Paradoxically, that’s because Romney is looking much harder to beat in New Hampshire in 2012 than he was in 2008. The polls put him at approaching 50% of the vote there, making him an all-but-certain victor next week. But Romney, as Iowa proved, is not loved by his increasingly red meat conservative party. This means, in turn, the best windows of opportunity for his chief challengers are likely to come in the crucial two primaries later in the month – in South Carolina on 21 January and in Florida 10 days after that – rather than in the north-east next week.

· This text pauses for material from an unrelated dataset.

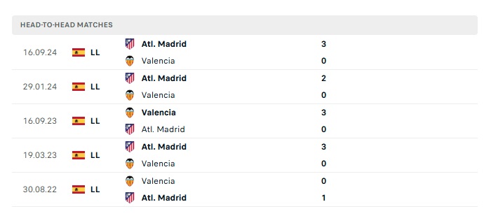 • Kèo tỷ số H2 Valencia vs Atletico Madrid: 0-2

These two southern states, South Carolina relatively small and highly conservative; Florida large and more heterogeneous both demographically and politically, look likely to offer a much more crucial proving ground for the men who want to challenge Barack Obama in November.

Both of these states offer bigger opportunities to whichever of the competing “Anyone but Romney” candidates can generate enough excitement, raise enough money and get enough votes in the ballot boxes to mount the most effective challenge against the former Massachusetts governor.

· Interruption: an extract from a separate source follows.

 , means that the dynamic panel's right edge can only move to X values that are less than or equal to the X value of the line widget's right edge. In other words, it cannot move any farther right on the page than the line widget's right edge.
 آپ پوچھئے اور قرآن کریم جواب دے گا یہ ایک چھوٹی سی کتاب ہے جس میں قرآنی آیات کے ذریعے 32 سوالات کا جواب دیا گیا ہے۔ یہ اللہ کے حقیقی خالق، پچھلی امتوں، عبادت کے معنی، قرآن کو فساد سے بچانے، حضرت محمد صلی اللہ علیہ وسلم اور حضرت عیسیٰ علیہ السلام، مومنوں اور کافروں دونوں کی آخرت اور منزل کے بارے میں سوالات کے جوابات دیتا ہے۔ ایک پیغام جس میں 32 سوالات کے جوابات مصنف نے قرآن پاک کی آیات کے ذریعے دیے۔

That will be much easier for Santorum, Gingrich and the others than it will be in New Hampshire, though they have to fight hard there nevertheless to maintain credibility going into South Carolina. But you could almost say now that a Romney win in New Hampshire is such a given, that the real battle is already taking place in the two southern states.

That’s because the Republican party has not warmed to Romney any more than it did four years ago. Romney did well in Iowa this week. Coming first by eight votes is a lot better than being beaten by any margin. But three-quarters of Iowa Republicans voted for his opponents, and there is no way Romney’s narrow win gives him anything approaching hegemony in the contest. He is both too strong and too weak.

But which of his opponents stands to profit from Romney’s inability to fire up the Republican activists and voters? The obvious answer from Iowa is Rick Santorum, who pushed him so close in the cornfields. Santorum is a high-profile social conservative, one reason why he has ousted from his Pennsylvania US senate seat in 2008. But so is Gingrich of Georgia, who until recently was very much the man to beat in South Carolina. His campaign has faltered badly recently, but he is a man who knows how to ride the political roller-coaster. And don’t forget Paul, who has promised to stay in the race and who commands a devoted following.

In the end, the suspicion is that none has the strength to brush the others aside decisively enough to stop Romney. All of them together, though, have the strength to sap Romney’s credibility. The 2012 Republican race, in other words, looks strangely like the 2008 one, when the Anyone but McCains fought each other to a draw, allowing the Arizona senator to close his grip on the nomination. Four years ago, Mitt Romney was one of the also-rans. This time he is now the man to beat.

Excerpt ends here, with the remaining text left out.